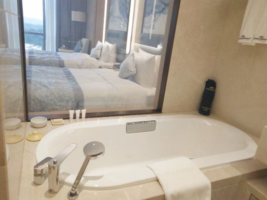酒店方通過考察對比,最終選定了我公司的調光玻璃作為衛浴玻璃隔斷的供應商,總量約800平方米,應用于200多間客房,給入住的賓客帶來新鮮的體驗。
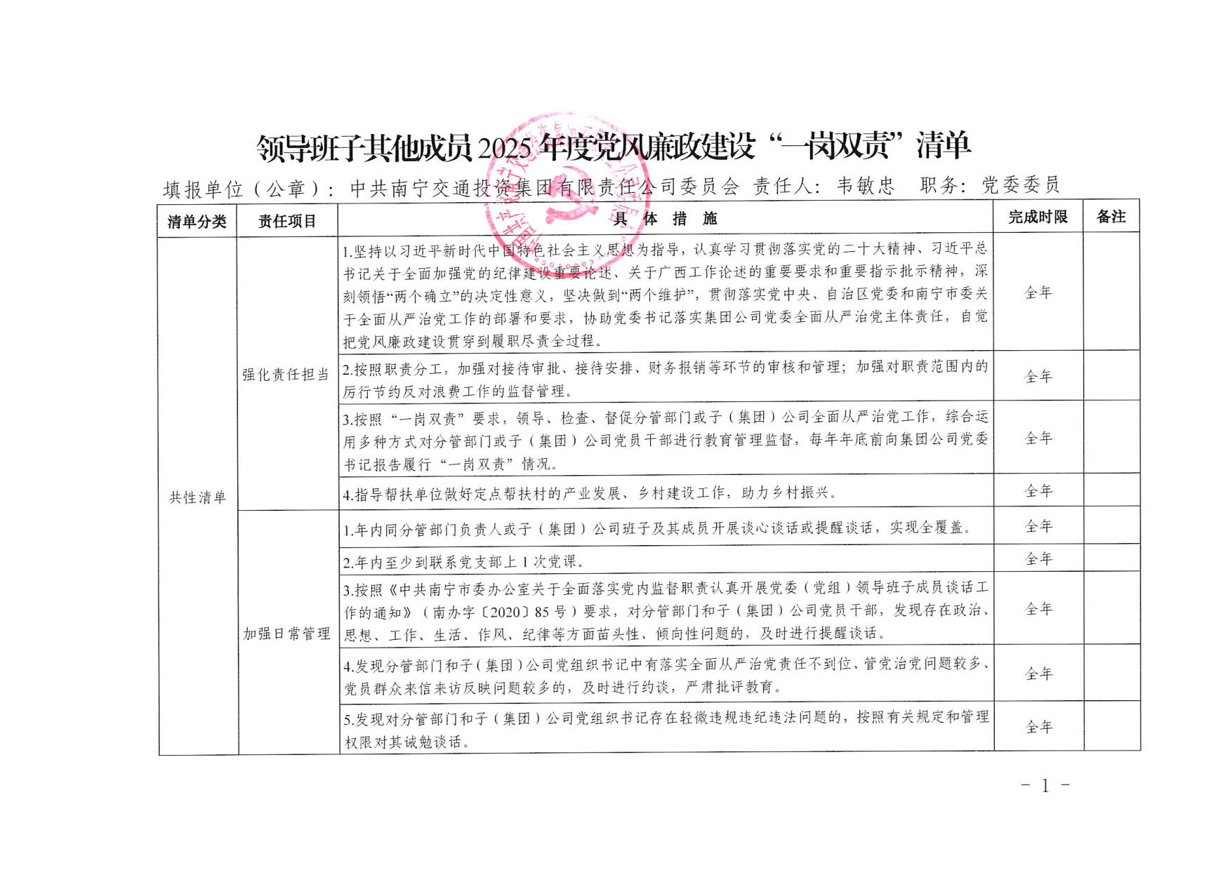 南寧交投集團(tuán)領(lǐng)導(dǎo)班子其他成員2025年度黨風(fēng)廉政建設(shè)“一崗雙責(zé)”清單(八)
....
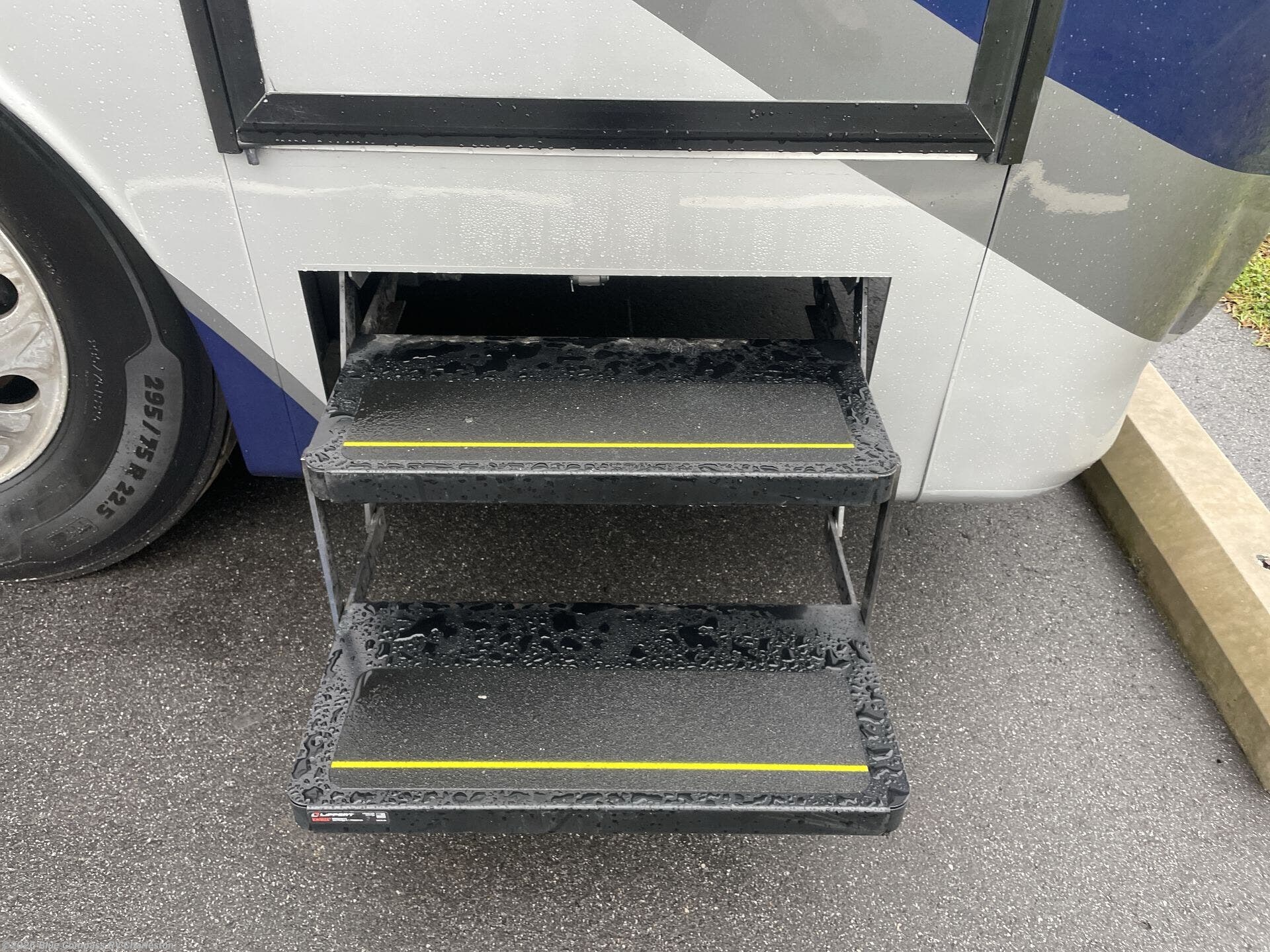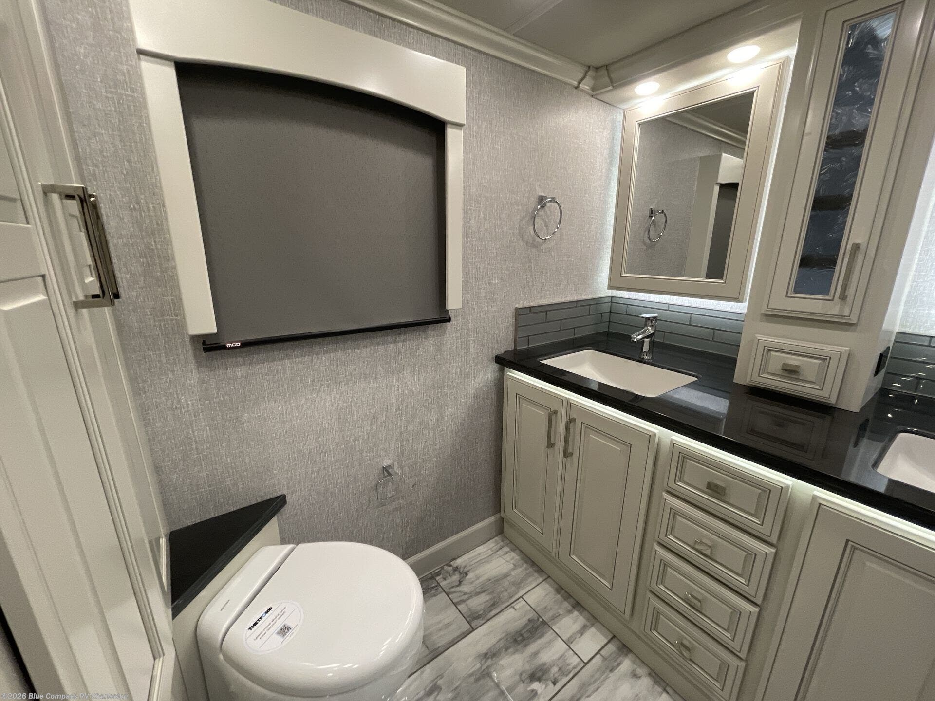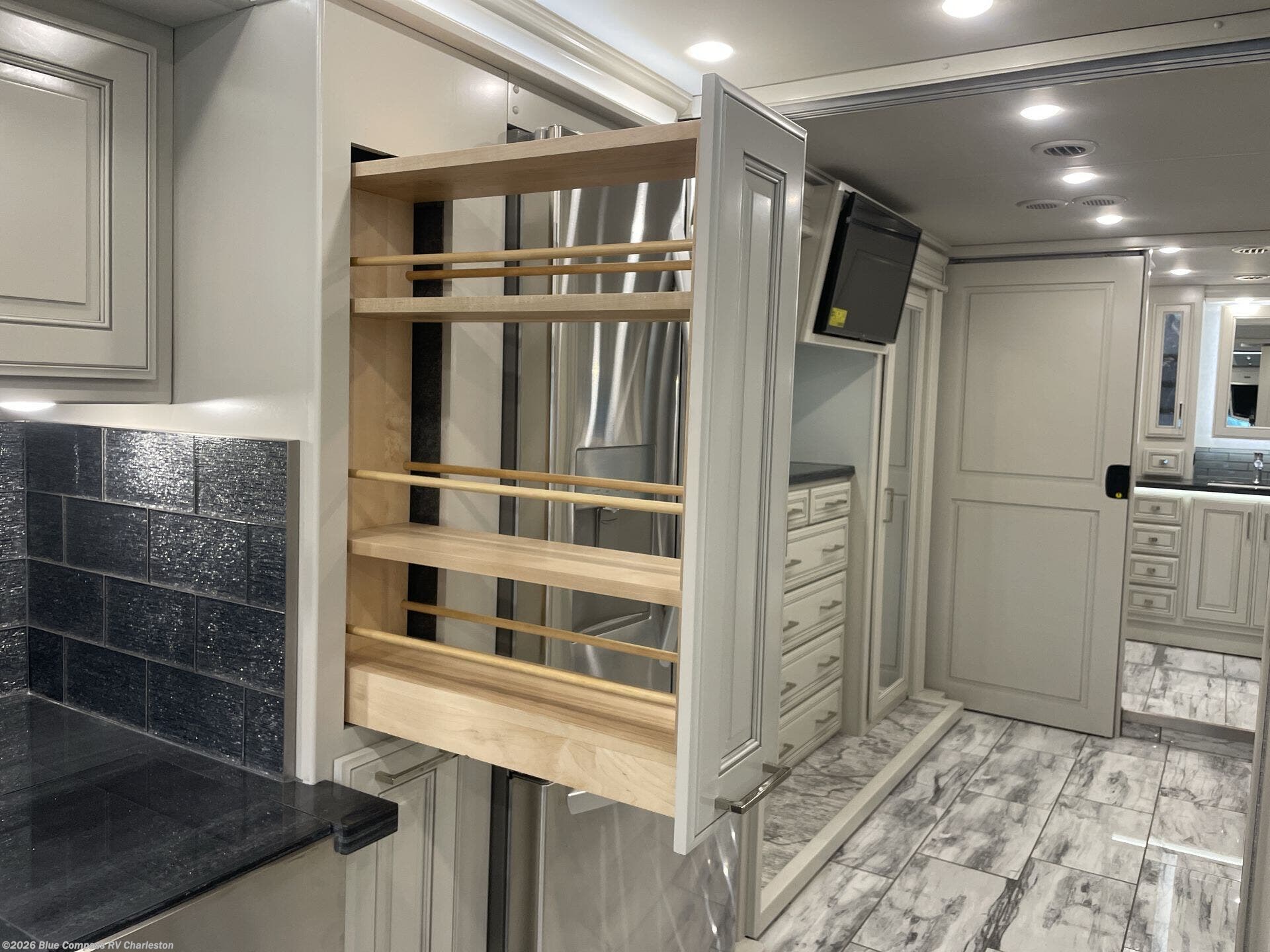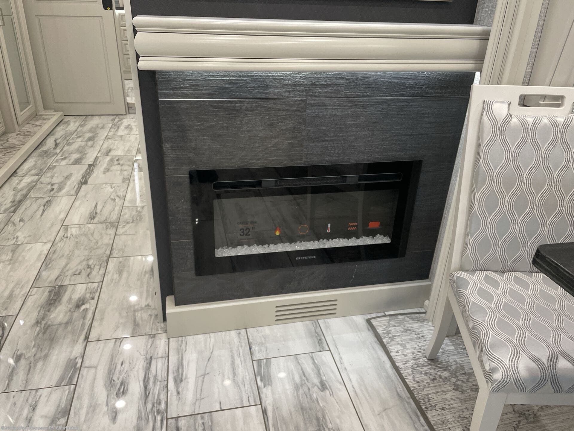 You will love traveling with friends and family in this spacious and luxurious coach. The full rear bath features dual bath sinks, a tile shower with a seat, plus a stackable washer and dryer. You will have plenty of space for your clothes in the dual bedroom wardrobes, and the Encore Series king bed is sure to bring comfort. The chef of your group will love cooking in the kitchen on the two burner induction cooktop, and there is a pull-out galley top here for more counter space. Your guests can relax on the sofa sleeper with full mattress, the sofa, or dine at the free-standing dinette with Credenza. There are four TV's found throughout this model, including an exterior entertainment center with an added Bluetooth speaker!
....
EXERCISE DESCRIPTION:
Text only, no pictures: please print exactly the lines above from the line with "酒店方通過考察對比,最終選定" up to and including the line with "南寧交投集團(tuán)領(lǐng)導", and nothing else.

ANSWER TO THIS EXERCISE:
酒店方通過考察對比,最終選定了我公司的調光玻璃作為衛浴玻璃隔斷的供應商,總量約800平方米,應用于200多間客房,給入住的賓客帶來新鮮的體驗。
 南寧交投集團(tuán)領(lǐng)導(dǎo)班子其他成員2025年度黨風(fēng)廉政建設(shè)“一崗雙責(zé)”清單(八)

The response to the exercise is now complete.